Белдав считал, что дешево отделался, — в это время года могли произойти и более крупные неприятности. Но он ошибся. Все неприятности были еще впереди…

4

Английский пароход был наполовину меньше, чем затонувшая «Пинега», но совершенно новый и построен с такими удобствами, каких и в помине не было на старом пароходе. Однако он не был приспособлен для перевозки пассажиров, поэтому разместить на нем двадцать восемь человек оказалась нелегкой задачей. Для командного состава нашлись каюты. В каждой поселили по два человека: Белдава с Дембовским в одну, Волдиса с Ингусом в другую, третью предоставили в распоряжение Иванова и Мяги. Остальные разместились у своих товарищей по профессии — матросы у матросов, кочегары у кочегаров.

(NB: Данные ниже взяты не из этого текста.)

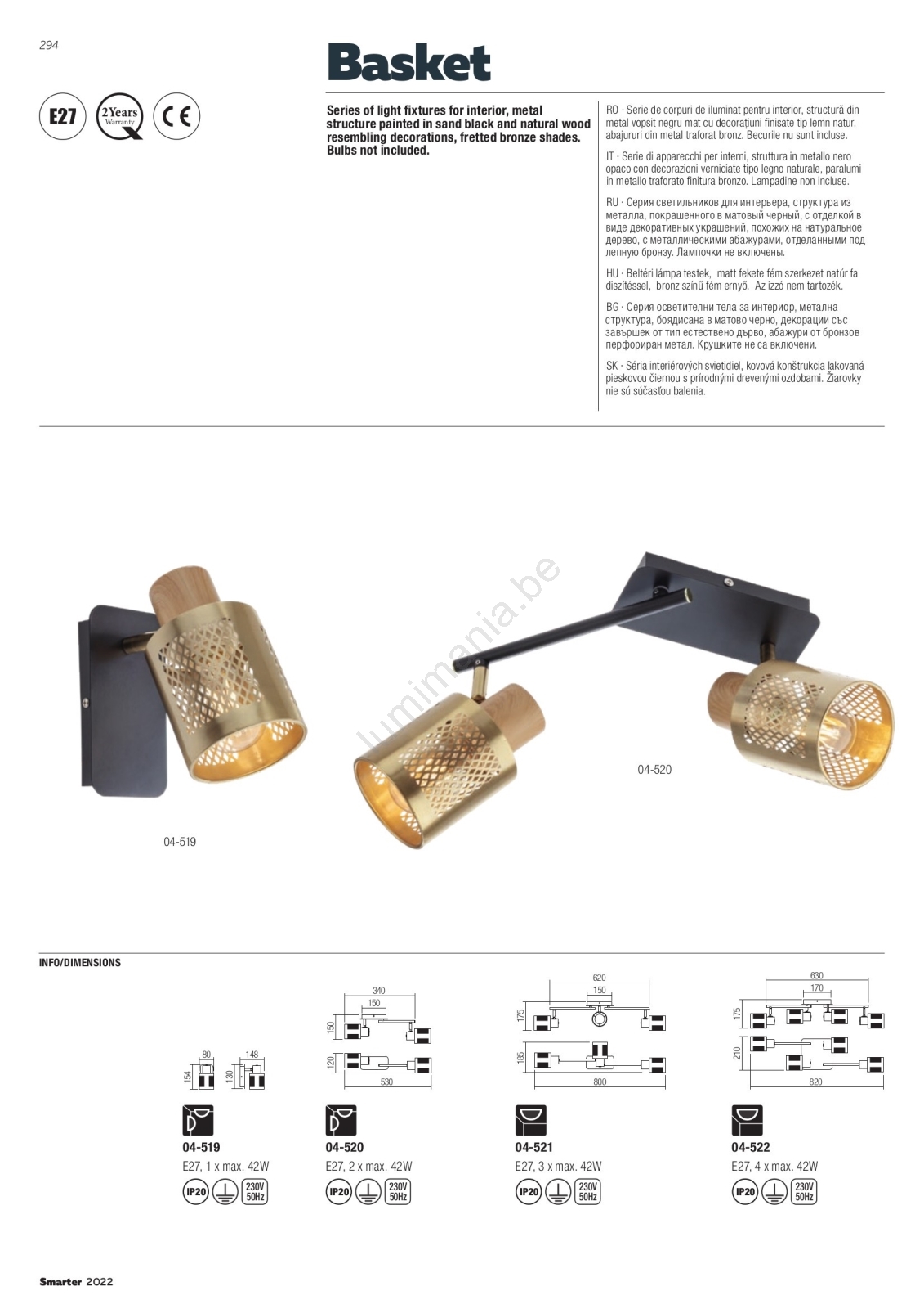 Redo 04-521 - Opbouwlamp BASKET 3xE27/42W/230V brons kenmerkt een mooi en functioneel ontwerp.  Voor het licht is een lamp met E27 fitting geschikt. Hier kunt u andere lampen tegen voordelige prijzen kopen. U heeft een interessante aanwinst voor uw woning.

Отогревшись и насытившись, пинегинцы быстро пришли в себя после тяжелых переживаний. Теперь им вспоминались разные мелочи, на которые во время опасности они не обращали внимания, некоторые факты приобрели неожиданный смысл и заставили задуматься о ряде привходящих обстоятельств. Во всем происшедшем самым непонятным был случай с Джонитом. О его болезни знали все; знали, что он больной выходил на работу и ему позволяли работать. Вспомнили и о том, что Джонит, пожалуй, остался бы на тонущем пароходе, если бы не вмешался второй штурман. Из всех этих фактов, которым при иных обстоятельствах можно было легко найти оправдание, Ингус теперь плел сеть обвинений против капитана Белдава. Дело было, конечно, не в болезни Джонита и не в том, что его чуть не оставили на пароходе, — все раскрылось благодаря длинному Путраймсу и Лехтинену и странному их видению на утренней заре, перед появлением английского парохода; Путраймс неосмотрительно рассказал об этом Ингусу. Лехтинен подтвердил его слова, и таким образом у Ингуса сложилось определенное убеждение в том, что Джонит был брошен в море живым.

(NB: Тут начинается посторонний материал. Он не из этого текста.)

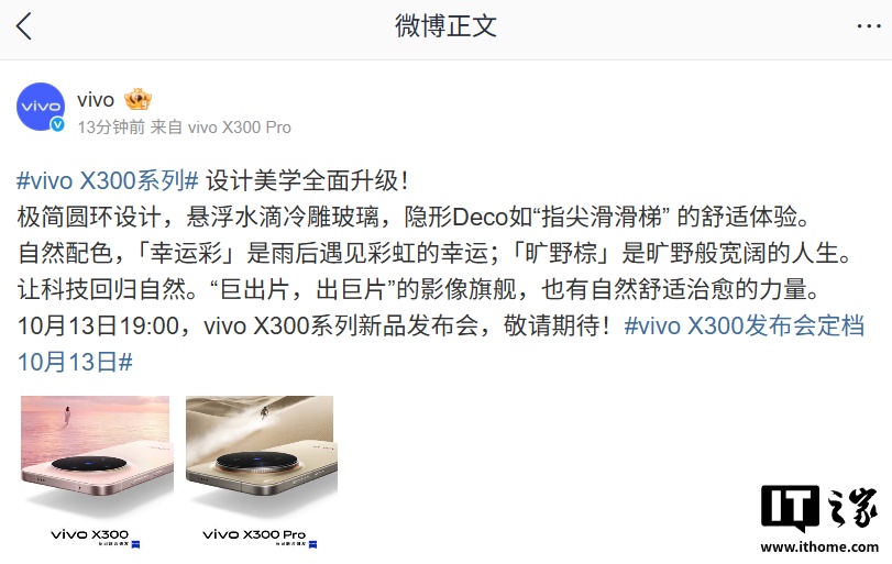 vivo X300 系列手机设计美学全面升级:极简圆环设计 + 悬浮水滴冷雕玻璃,10 月 13 日发布

Он рассказал об этом Волдису, Иванову и Зирнису, всей команде «Пинеги», за исключением Белдава, стюарда и первого механика. Общее мнение всех было, что гибель Джонита произошла по чьему-то злому умыслу. Виновным считали Белдава.

Люди избегали Белдава, встречаясь с ним на палубе, провожали его косыми взглядами, уклонялись от разговоров с ним и всячески бойкотировали его. Белдав каким-то путем узнал причину бойкота. Только теперь он понял, какую допустил ошибку, приказав бросить Джонита в море. И странно: теперь он сожалел о том, что английский пароход появился так скоро после этой злополучной истории. Если бы он спас их несколькими днями позже — оправданием послужило бы соображение, что Джонит все равно не дожил бы до появления парохода.

Считая для себя неудобным лично вести по этому вопросу разговоры, Белдав обратился к посредничеству Кампе. Стюард ежедневно навещал матросов и кочегаров в кубрике и всеми силами пытался оправдать поступок капитана. Он утверждал, что Белдав проверял пульс Джонита, неоднократно убеждался, что сердце не работает, и его, Кампе, приглашал проверить это. Перед тем, как бросить Джонита в море, он посоветовался с Дембовским и только тогда решился на это. И если бы, мол, Джонит был жив, это бы почувствовали матросы, помогавшие Кампе поднимать его на борт. Слова капитана могли подтвердить четыре человека, и только двое опровергали их. Неужели двоим можно верить больше, чем четверым?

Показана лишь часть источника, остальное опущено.